Wordle.net is probably the coolest thing since sliced bread.  A lots of online applications are interesting/useful/fun but nerdy.  For example, YouTube can be very interesting, it has tons of uses and is always a good time.  But let’s face it, YouTube is super geeky.  If you had told people in the 90s that in ten years they would sit around a computer and watch videos posted by random strangers for hours they would have laughed at you.  Blogging is right up there with YouTubing all day. Anyone who considers blogging to be among their hobbies is probably a bit of a nerd.  I’m not saying nerdiness is a bad thing.  I’m just saying we should call it what it is.

Wordle stands in stark to the great void of internet geekdome.  Wordle is badass even by 90s standards.  This is what Wordle has to say about itself:

“Wordle is a toy for generating “word clouds” from text that you provide.
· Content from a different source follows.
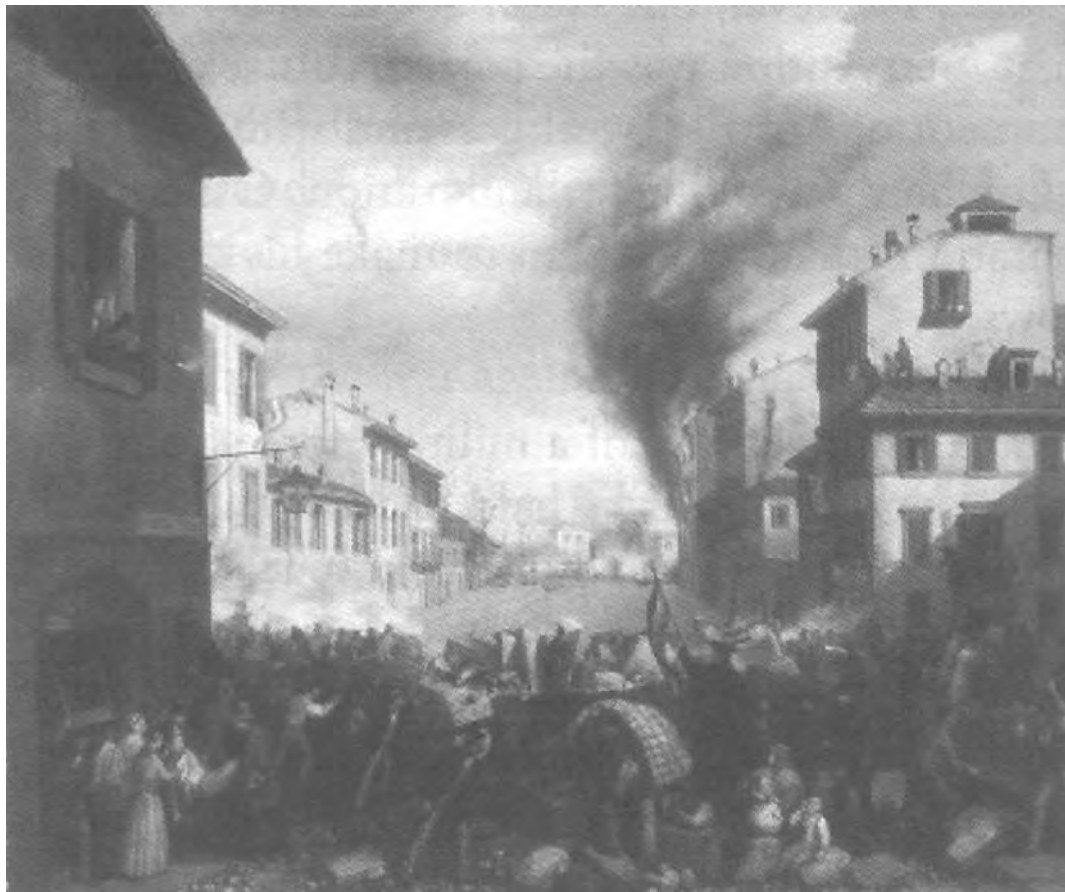
A street battle during the Milan uprising, March 1848.

The clouds give greater prominence to words that appear more frequently in the source text. You can tweak your clouds with different fonts, layouts, and color schemes. The images you create with Wordle are yours to use however you like.”

Here is this blog post as interpreted by Wordle:

Wordle: Wordle blog post

Cool, right?  Now I understand that there are sceptics out there who may think “cool” isn’t good enough for them.  These fancy folks need “useful.”  Well guess what, Señor Practical, Wordle is not only cool, it is also useful.  Off the top of my head, I can think of about a million and one uses for Wordle.  Here’s the shortlist.

1. Use Wordle to create an awesome cover page for any paper.

2. Write a poem for your love interest.  Wordle it.  Give said love interest the Wordle (keep the poem to yourself, that’s kind of cheesy).

3. Create a Wordle based on your company website.  Post it on the website to show everyone how awesome you are.

4. Having trouble coming up with tag words for your nerdy blog post?  Wordle it, tag the largest words and post the image on your blog.  You’ll go from nerdy to cool in under a minute!